Seed World

Cracking the Tombstone – Did Common Sense Prevail?

Lo and behold, the long-awaited draft regulation for new genomic techniques (NGTs) is out. On the 5th of July 2023, almost five years after we thought the European Court of Justice carried EU plant breeding innovation to the grave, the EU Commission published its proposal for this regulation. We now have at least an idea of where we’re heading on this contentious topic.

The EU Commission’s proposal on NGTs wants to group plants developed through NGTs into two different categories. All NGT plants need to undergo a verification process to test if they meet the equivalence criteria to be dubbed “conventional-like” plants, i.e.: plants that could also result from older breeding methods or natural processes. These are Category 1 plants. If NGT plants do not meet those criteria, they are Category 2 and will be considered GMOs and authorized under an adapted GMO risk assessment procedure.

In my opinion, it is fully justified and long overdue to separate the conventional-like NGTs from the extremely cumbersome approval requirements of transgenic GMOs. But, as always, the requirements need to be based on sound science. The regulatory framework needs to be tailor-made to the different profiles of these plants. It is imperative that the verification procedure is efficient and based on scientific criteria to make sure that we end up with a simple administrative process.

With the massive challenges ahead (climate change, population growth, urbanization, changing diets, and others), we will need to enable and encourage the development of NGT plant varieties by all breeders, small and large, from both the public and private sectors. Europe is known for its diverse breeding sector, and we will need to empower all actors in finding solutions.

Unfortunately, there are several inconsistencies in the proposal. One of them is that the “conventional-like” NGT plants would still face specific requirements different from those for plants resulting from conventional breeding including their prohibition for organic farming and specific seed bag labelling.

If you ask me, these components of the proposal don’t make any sense. Already by the name “conventional-like”, the proposal indicates that these varieties are similar to what can be achieved via current ‘conventional’ plant breeding methods. By separating them and forbidding their use to organic farmers, a regulation would prevent a decent chunk of farmers from using the best germplasm. I know that there are organic farmers out there who would love to use the best and newest varieties on their farm and are thoroughly unhappy about this discrimination. Shouldn’t it be up to each farmer to be able to choose which varieties fit best with her or his production system?
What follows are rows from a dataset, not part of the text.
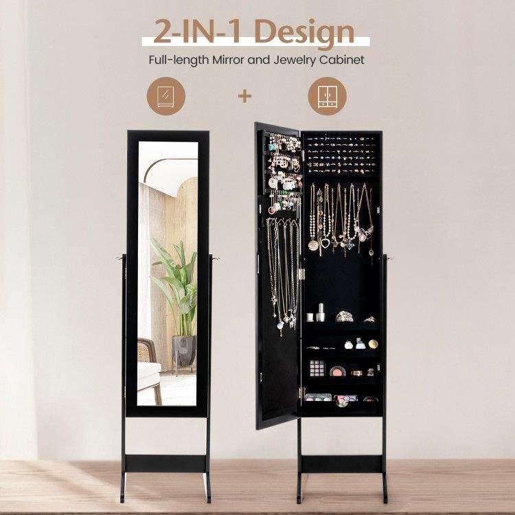 Armadietto Portagioie a Specchio con Base per Vanità da Trucco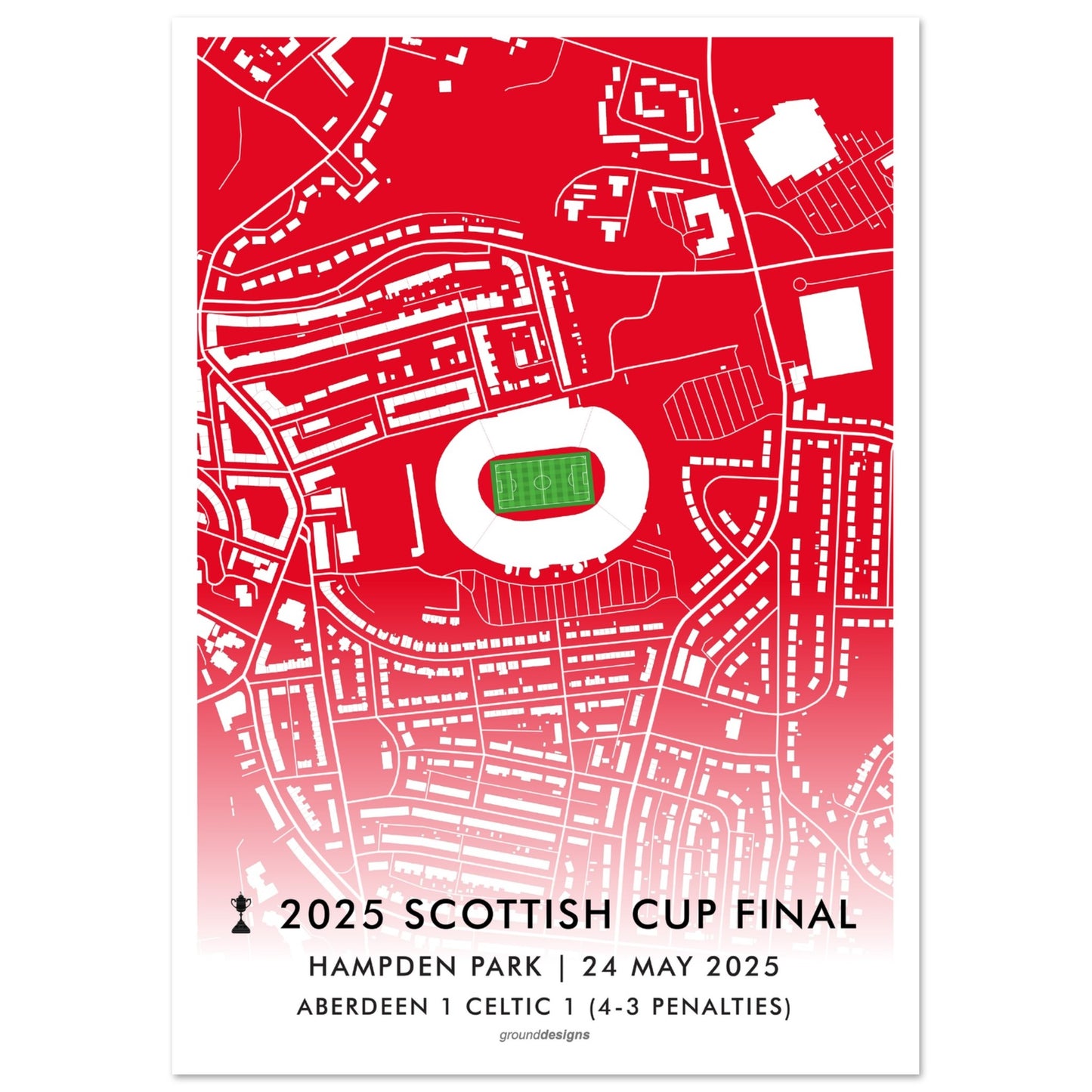 Aberdeen 2025 Scottish Cup Winners Hampden Park Art Print - Stadium Map Edition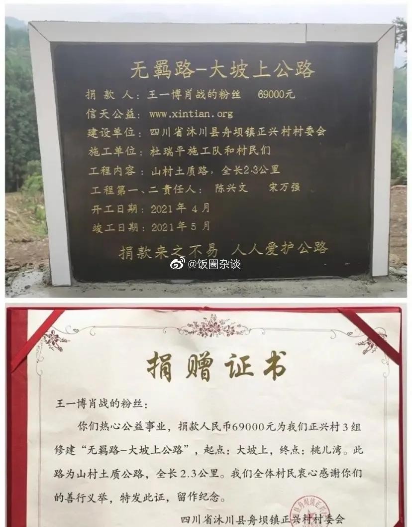 而网上爆出王一博、肖战的粉丝为运输不便的村民捐献了一条[ 无羁路太暖心了吧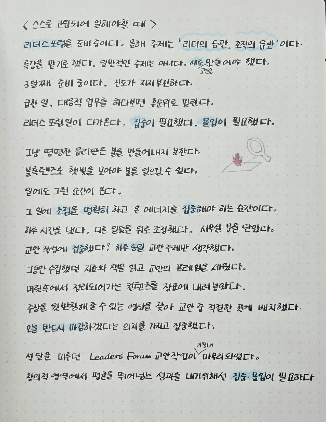 회사에서 리더스 포럼을 준비 중이다. 올해 주제는 '리더의 습관, 조직의 습관'이다. 특강을 맡기로 했다. 일반적인 주제는 아니다. 새로 교안을 만들어야 했다. 3달째 준비 중이다. 진도가 지지부진하다. 급한 일, 대응적 업무를 하다보면 후순위로 밀린다. 리더스 포럼 일이 다가오고 있다. 집중이 필요했다. 몰입이 필요했다.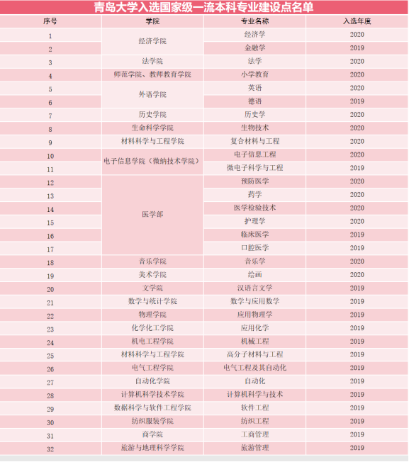青岛大学入选国家级一流本科专业建设点名单

If you expect changes now, hold your horses; we’re not there yet. There are still several snags ahead. One of them is that this text by the EU Commission is ‘merely’ a proposal. A few other bodies need to review it before we will see any new Regulation. First, the European Parliament will need to discuss it, followed by the European Council. The goal is to achieve a text that is approved by all three bodies. This will take a considerable amount of time and effort. Seeing that the EU elections are in June 2024, it is pretty challenging and needs strong political commitment to advance on this proposal before then.

There is also a huge risk that this (again) becomes politicised. As with other dossiers, the NGO’s will likely make the regulatory process so incredibly complex and, as such, so incredibly expensive that only those with the deepest pockets will be able to afford to create new and better varieties with gene-editing. Isn’t it better to have a wide variety of organizations that can help mitigate climate change and population increase by creating better and climate-proof varieties? My advice is: let’s make sure they can, and let’s not block this opportunity. We need all the help we can get.